[TASK TO CARRY OUT]
Restate the listing below word for word. No picture belongs in the result.

GIVEN DATA Block Start

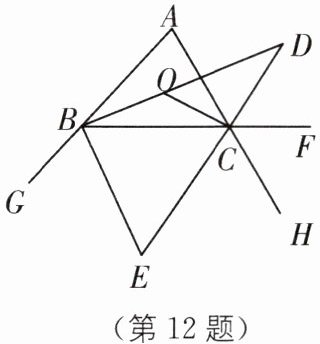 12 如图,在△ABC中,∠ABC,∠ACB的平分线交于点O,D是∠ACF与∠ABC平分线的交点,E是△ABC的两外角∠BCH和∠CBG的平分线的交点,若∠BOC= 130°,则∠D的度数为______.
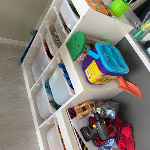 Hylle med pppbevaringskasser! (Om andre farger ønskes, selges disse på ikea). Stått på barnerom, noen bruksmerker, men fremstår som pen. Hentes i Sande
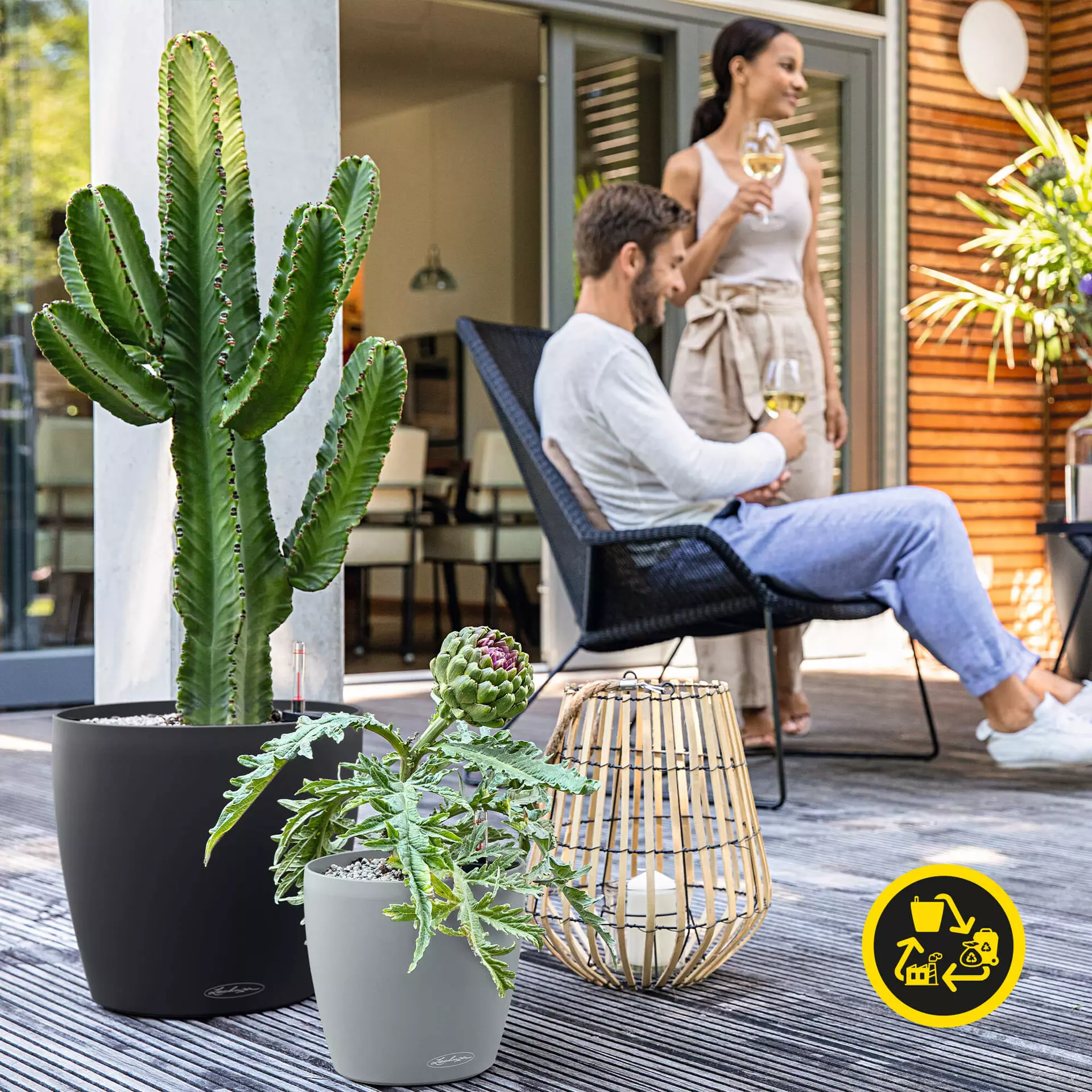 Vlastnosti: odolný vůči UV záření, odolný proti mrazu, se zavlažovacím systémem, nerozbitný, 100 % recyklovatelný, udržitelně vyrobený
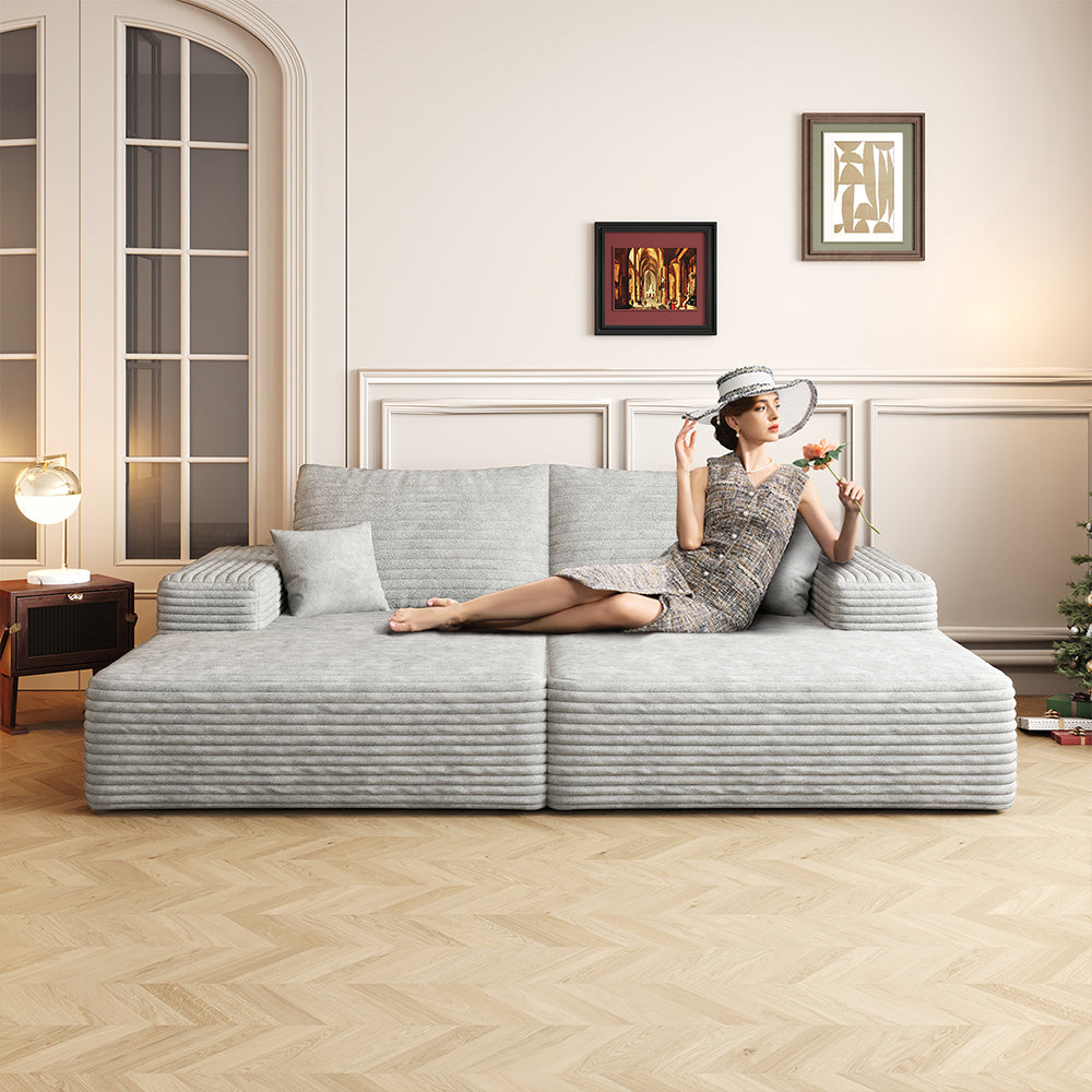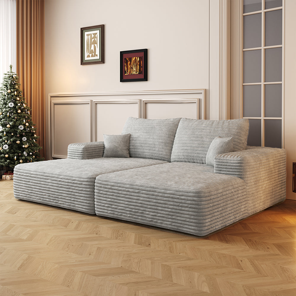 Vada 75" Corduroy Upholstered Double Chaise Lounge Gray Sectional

GIVEN DATA Block End

[SOLUTION FOR THIS EXERCISE]
 12 如图,在△ABC中,∠ABC,∠ACB的平分线交于点O,D是∠ACF与∠ABC平分线的交点,E是△ABC的两外角∠BCH和∠CBG的平分线的交点,若∠BOC= 130°,则∠D的度数为______.
 Hylle med pppbevaringskasser! (Om andre farger ønskes, selges disse på ikea). Stått på barnerom, noen bruksmerker, men fremstår som pen. Hentes i Sande
 Vlastnosti: odolný vůči UV záření, odolný proti mrazu, se zavlažovacím systémem, nerozbitný, 100 % recyklovatelný, udržitelně vyrobený
 Vada 75" Corduroy Upholstered Double Chaise Lounge Gray Sectional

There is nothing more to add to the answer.